It has been a gloomy week on the sunlit uplands of sovereign Britain, although Brexiteers are still managing to keep their sense of humour intact.
“Fifty-three per cent would vote to rejoin the EU – shocking figures,” screamed one popular pro-Leave Twitter account this week, adding the immortal punchline, “Latest polling suggests Brexit good news is not getting through to voters.”
So what is the Brexit good news, then? The arrival of a whole nine new petrol-tanker drivers from the EU under a government scheme to ease the HGV crisis? The new hope that there might be enough turkeys to go around this Christmas, again after a government climbdown?

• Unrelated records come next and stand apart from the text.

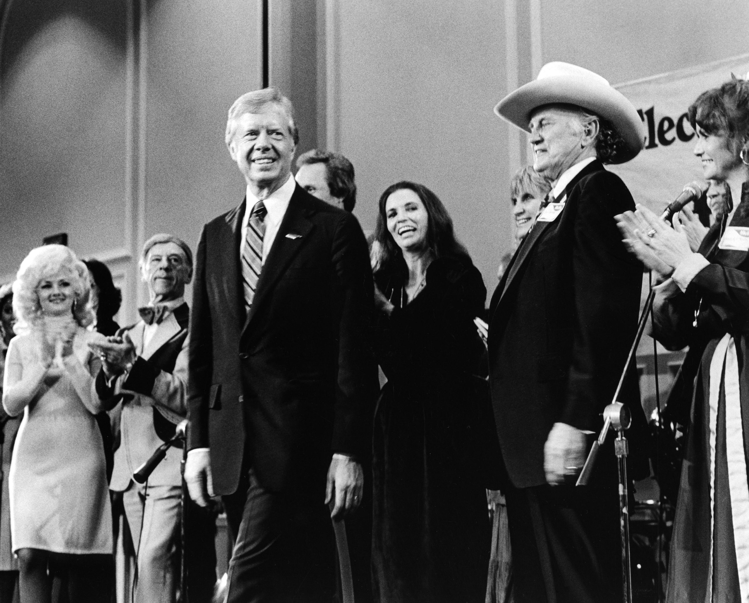 President Jimmy Carter on the Grand Ole Opry stage with Kelly Foxton, Hank Snow, Mel Tillis, June Carter Cash, Skeeter Davis, Bill Monroe, Jeannie C. Riley, and others on October 9, 1980. Photo courtesy of Ryman Hospitality Properties.
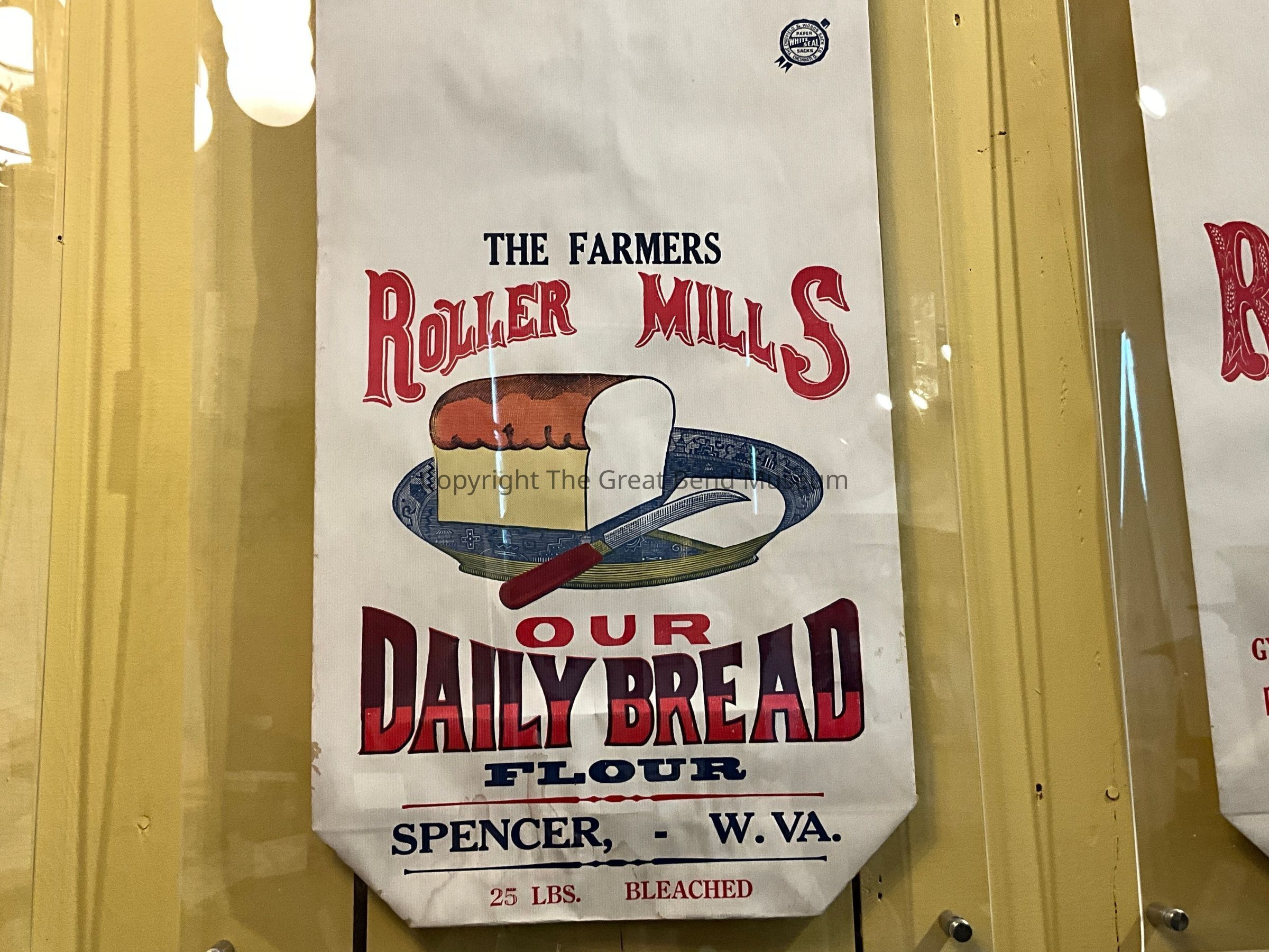 Flour Sack - large white "The Farmers Roller Mills" "Our Daily Bread" "Flour from Spencer, W.Va." on label. Has picture of loaf of bread on a plate with a knife for slicing. The ink is red, yellow, and blue. "25 lbs. bleached"Acquisition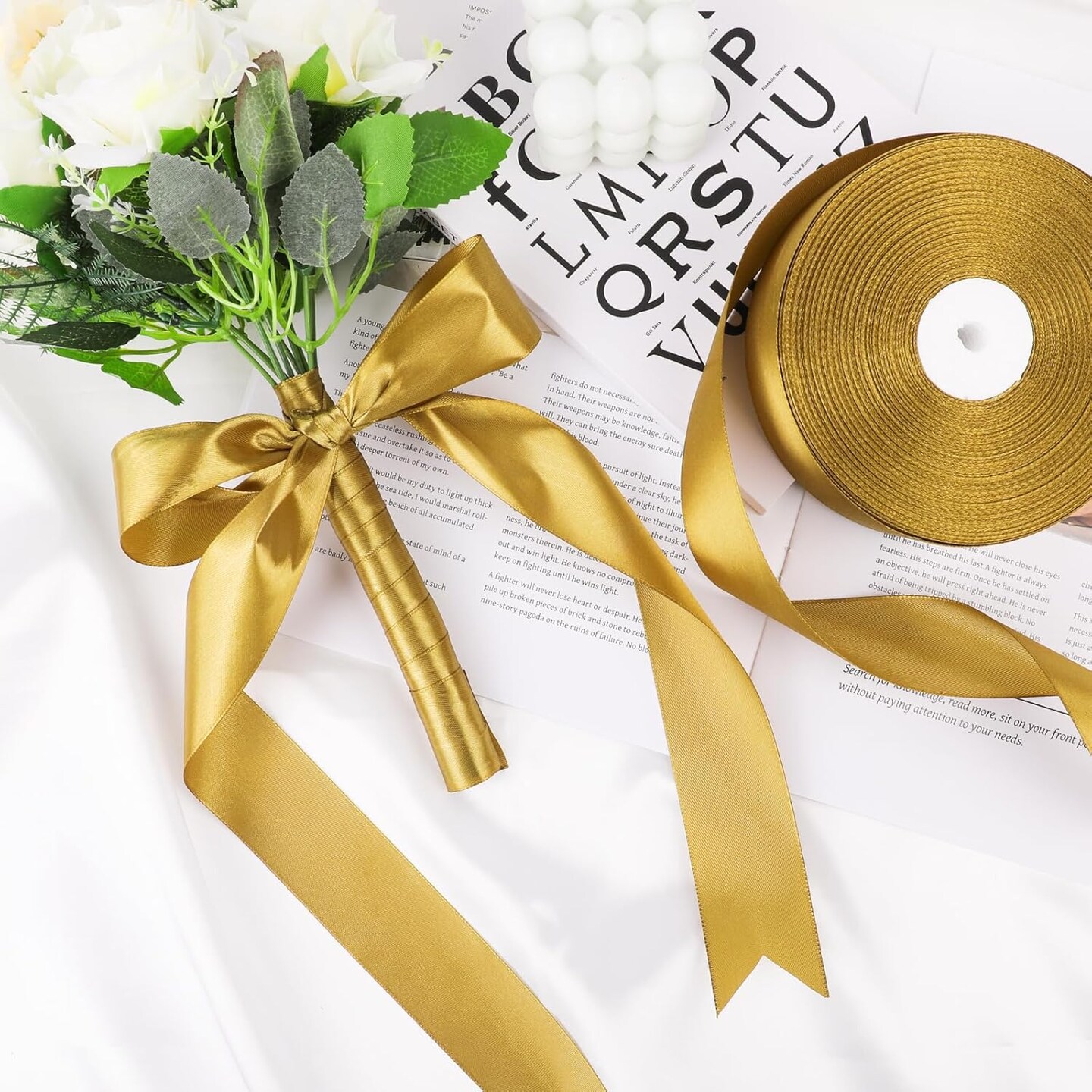 1-1/2 Inch Gold Satin Ribbon - 100 Yards Ribbon (Olive Gold)

There’s not much to cheer, even if you’re lucky enough to be among the privileged few who have benefitted the most from our unequal society.
Harrods shoppers are worried about shortages of their famous hampers (stuck at Tilbury after import checks) and champagne shortages are predicted, while horseracing and show jumping are “being killed by Brexit,” according to the Telegraph, in a piece detailing the added costs and red tape faced by horse owners who want to try their luck on the continent. It’s written by Charlie Brooks, husband of Rebekah (the UK versions of Tom and Shiv from Succession, only less pleasant).
A lack of nannies caused by you-know-what (European au pairs now need pre-settled status to work in the UK) is causing shortages and bidding wars as parents seek a suitable foreigner good enough to look after little Poppy and Freddie. And when Pops and the Fredster grow up, their fun winters working as chalet girls and boys have been wrecked by Brexit too, with the hassle and cost of work permits for non-EU passport holders meaning young Brits are being overlooked.
Should we really feel sorry for the better-off as they deal with these first-world problems, inflicted by a Brexit many of them voted for? Of course. We’re all the same as we huddle together on the sunlit uplands, cursing the lies we were told and the liars who told them, hoping for a bit of light.